5
(1)

Платон Каратаев — крестьянин, и его миросозерцание сложилось на основах крестьянского или, как он говорил, «христианского» быта. Одна из идей его миросозерцания — идея счастья, для которого создан человек, того счастья, которое заключается в нем самом, в удовлетворении естественных человеческих потребностей. Платон Каратаев счастлив. Никто в мире не в состоянии нарушить его счастья, потому что несчастье проистекает от излишеств, чуждых Каратаеву. Те потребности, удовлетворение которых необходимо для существования человека, Каратаев всегда может удовлетворить сам. Он всегда при деле. Он занят тем нормальным трудом, который обеспечивает человеку жизнь и здоровье. Он варил, шил, строгал, тачал сапоги. Он никогда никого не утруждал, так как эти разнообразные житейские знания позволяли ему добывать все необходимое. Эта простота потребностей и привычка к полезному труду давали ему независимость, обеспечивали счастье и здоровье; несмотря на то, что ему было за пятьдесят лет, он не знал усталости и шутя пере носил лишения в плену. Этому-то счастью и позавидовал Пьер. Тоскующий барин, не находивший себе места, не умевший найти исхода своим силам, увидел что-то глубокое и серьезное в этой простой и ясной жизни крестьянина. «Пьеру чувствовалось что-то приятное, успокоительное и круглое в Этих скорых движениях, в этом благоустроенном в углу его хозяйстве, в запахе даже этого человека … »
Этот «зпикуреизм» Платона Каратаева, это довольство и личное счастье не только не противоречат идее отречения от своей личности, а напротив, гармонически сливаются с нею. Девиз Каратаева — «Не нашим умом, а Божьим судом». Его жизнь была не его творением, его судьбу решали другие. И Платон Каратаев не роптал. Он верил, что где-то в высшем мире ход жизни определялся в целях высшей справедливости, верил, что «рок головы ищет», и с умилением рассказывал историю о купце, который за преступление другого человека умер на каторге, не дождавшись освобождения и награды, назначенной ему после обнаружения его невинности. «А его уж Бог простил — помер», — закончил Платон Каратаев свой рассказ. Это смирение перед высшим законом жизни, перед Божьей правдой дает Каратаеву великую силу любви ко всему живущему. Он одинаково ласков и с Пьером, и с собачкой, он любит все, в чем слышится трепет жизни. Его любовь особенная. В ней отсутствует даже примесь личного. В каждой личности он любит проявление высшего начала и потому не привязывается ни к кому особенно. Привязанностей, дружбы, любви, как понимал их Пьер, Платон Каратаев не имел; но он любил и любовно жил со всем, с чем его сводила жизнь.
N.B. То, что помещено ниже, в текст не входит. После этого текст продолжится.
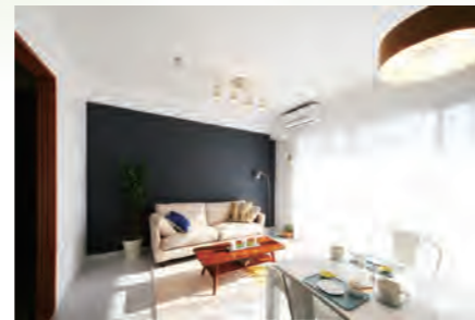
▶ ライオンズマンション西谷 115号室 価格: 1,390万円/専有面積: 53.02㎡ 月々約36,590円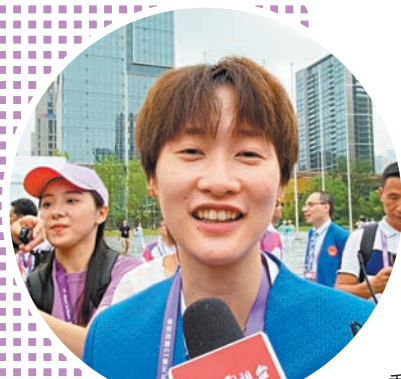
羽毛球奧運冠軍陳雨菲接受記者訪問。

香港文匯報訊(記者 俞畫 杭州報導)杭州亞運會亞運村開村儀式暨中國體育代表團歡迎儀式昨日上午在亞運村旗幟廣場舉行。在歡迎儀式上,杭州市人大常委主任、亞運村村長李火林致歡迎辭,熱烈歡迎中國體育代表團入村,並表示亞運村將按照「以運動員為中心,以服務賽事為核心」的辦村宗旨,盡最大努力完善家的功能、營造家的氛圍、提供家的服務。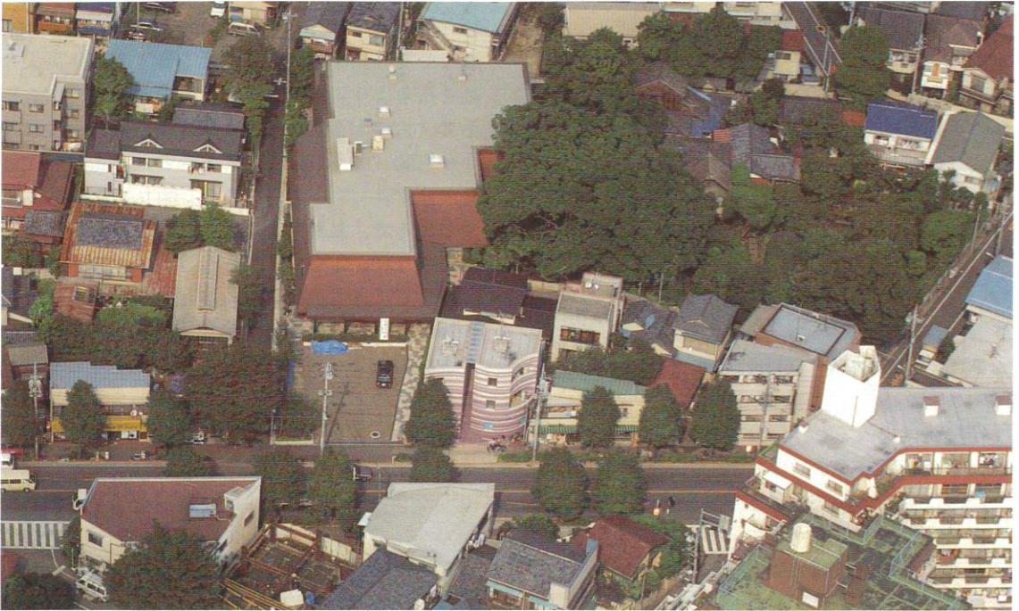
中野区立歴史民俗資料館上空より

Несмотря на то что потребности Каратаева ограничены самым необходимым, жизнь его не сводится к примитивным, животным интересам. Платон Каратаев живет не только глубокой нравственной, но эстетической жизнью. Он любит песни. Но песни его свободны от сложных требований техники, от мысли о постороннем слушателе. Они естественная потребность здоровой натуры.
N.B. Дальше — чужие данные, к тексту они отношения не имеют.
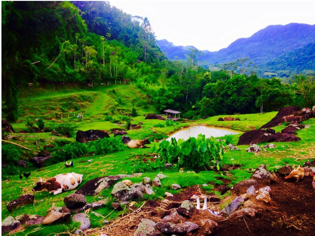
FIGURA 7. PAISAGEM DA LOCALIDADE RIO CERRO III.

Em cerca de 90% das propriedades verificadas existe a possibilidade de realização de degustação de produtos do campo. Cerca de 10% dos entrevistados produz algum tipo de artesanato.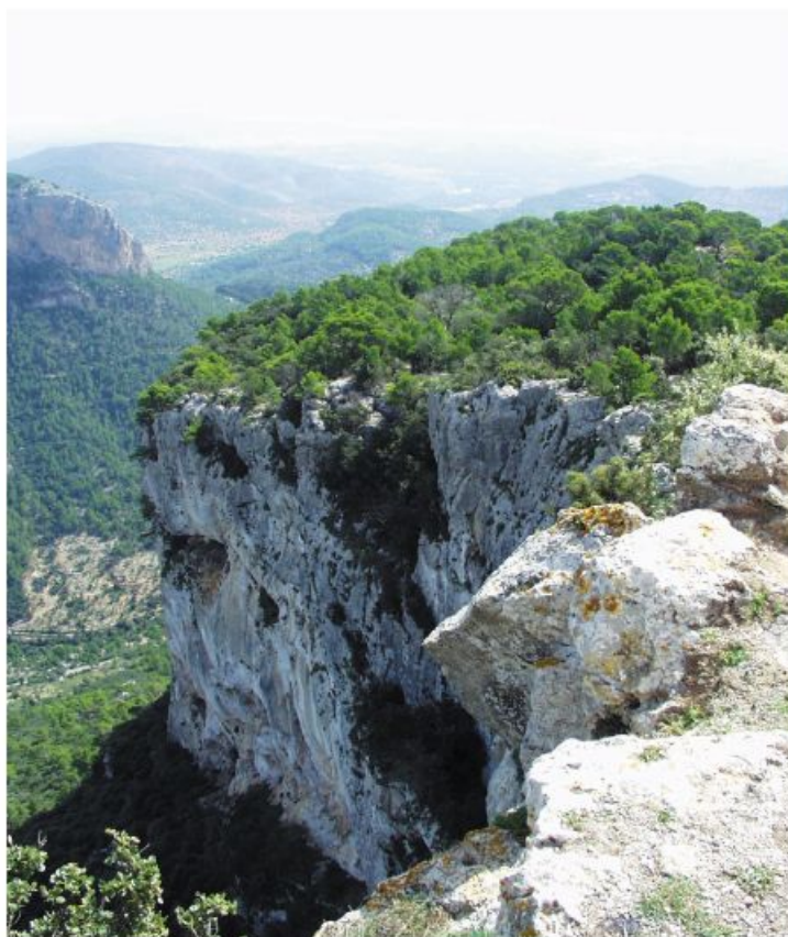
Kapellet på toppen blev byggt för att ära två officerare som blev brutalt avrättade på platsen nedanför berget.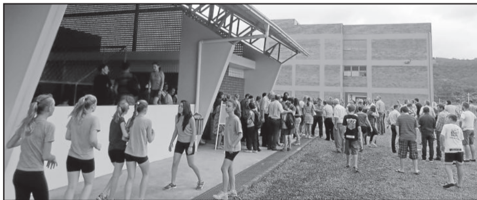
Comunidade escolar prestigiou inauguração do Complexo Escolar

Ao final dos pronunciamentos, as autoridades fizeram o descerramento das placas de inauguração da quadra esportiva e da segunda etapa do bloco escolar da EMEF Vila Schmidt.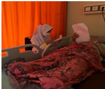
Ket : jumat, 8 maret 2024 pengambilan data Bersama Ny. S di ruang RG3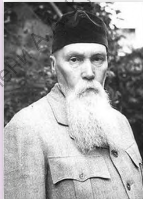
Идейный вдохновитель праздника Николай Рерих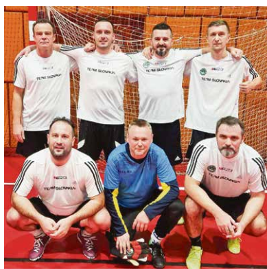
Vítaz turnaja FC Capri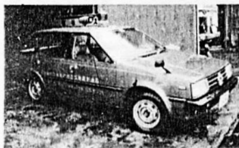
防災広報 パトロール車

国の補助金により、防災広報パトロール車、小型ポンプ積載車及びポンプ自動車を購入配備し、防災体制が一段と強化されました。しかし、これらを活用させないよう、ストーブやワロ釜などの火の元には十分注意して下さい。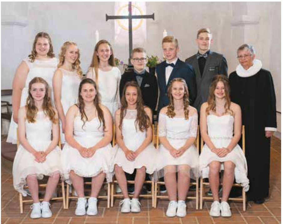
Konfirmander fra Hørdum Kirke 13. maj.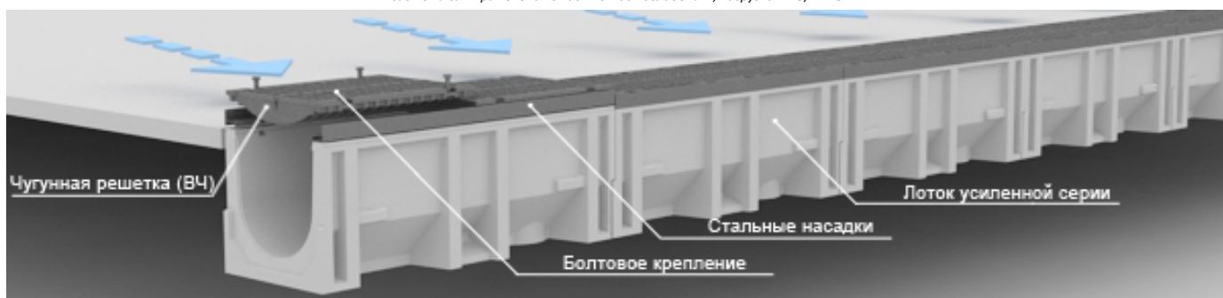
система для применения в промышленном и гражданском строительстве, нагрузка А-15/Б-125

Каратаев — носитель идеалов Толстого. Он — живое воплощение его будущей религиозно-нравственной системы, его философских эстетических идей. Он — носитель того миросозерцания, которое отыскал Толстой в крестьянской жизни, которое спасло его от отчаяния, как спасало прикосновение к народу многих бар той эпохи, как спасло оно Пьера, познавшего истину после знакомства с Каратаевым. Это учение о любви, об отречении, но отречении не от естественной потребности счастья, а от излишеств и вкусов ложной цивилизации.

5 / 5. 1

.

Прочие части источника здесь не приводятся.